* [DATA SHOWN]
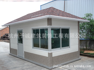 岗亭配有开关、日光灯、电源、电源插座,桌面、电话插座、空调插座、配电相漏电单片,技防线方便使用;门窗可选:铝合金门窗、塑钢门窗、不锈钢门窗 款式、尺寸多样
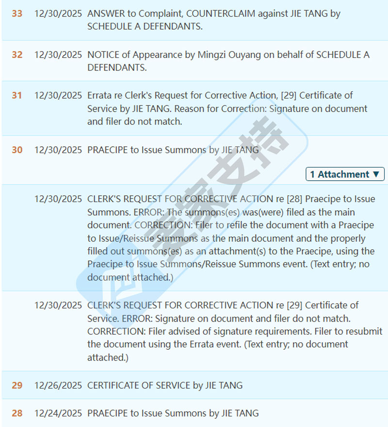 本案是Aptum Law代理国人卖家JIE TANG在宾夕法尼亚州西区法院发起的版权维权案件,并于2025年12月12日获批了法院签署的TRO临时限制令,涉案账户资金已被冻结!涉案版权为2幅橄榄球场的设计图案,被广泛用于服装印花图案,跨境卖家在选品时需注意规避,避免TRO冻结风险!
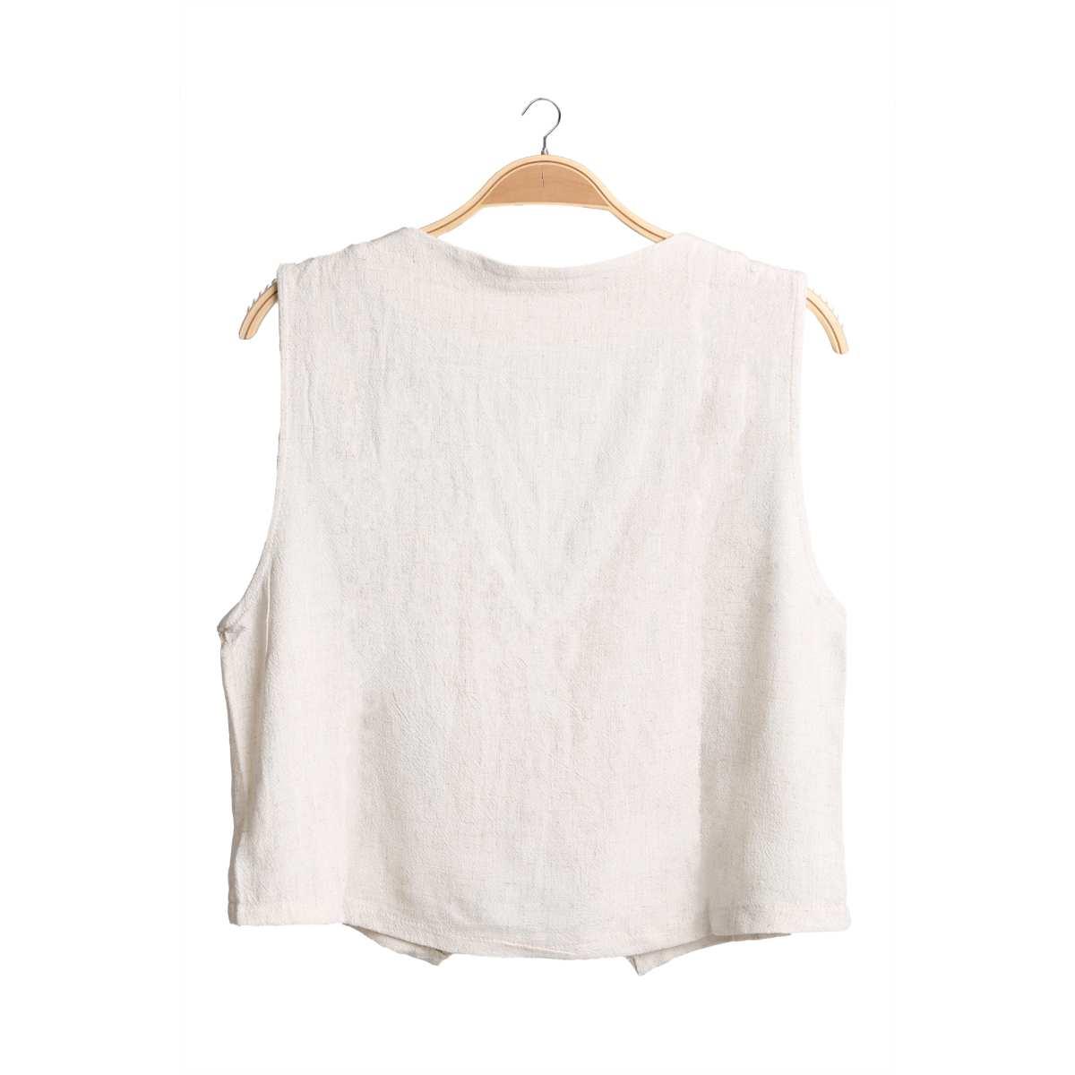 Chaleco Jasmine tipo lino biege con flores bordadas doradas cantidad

* [WORK REQUEST] In your output, repeat the listing above exactly and include none of the pictures.

* [REPLY]
 岗亭配有开关、日光灯、电源、电源插座,桌面、电话插座、空调插座、配电相漏电单片,技防线方便使用;门窗可选:铝合金门窗、塑钢门窗、不锈钢门窗 款式、尺寸多样
 本案是Aptum Law代理国人卖家JIE TANG在宾夕法尼亚州西区法院发起的版权维权案件,并于2025年12月12日获批了法院签署的TRO临时限制令,涉案账户资金已被冻结!涉案版权为2幅橄榄球场的设计图案,被广泛用于服装印花图案,跨境卖家在选品时需注意规避,避免TRO冻结风险!
 Chaleco Jasmine tipo lino biege con flores bordadas doradas cantidad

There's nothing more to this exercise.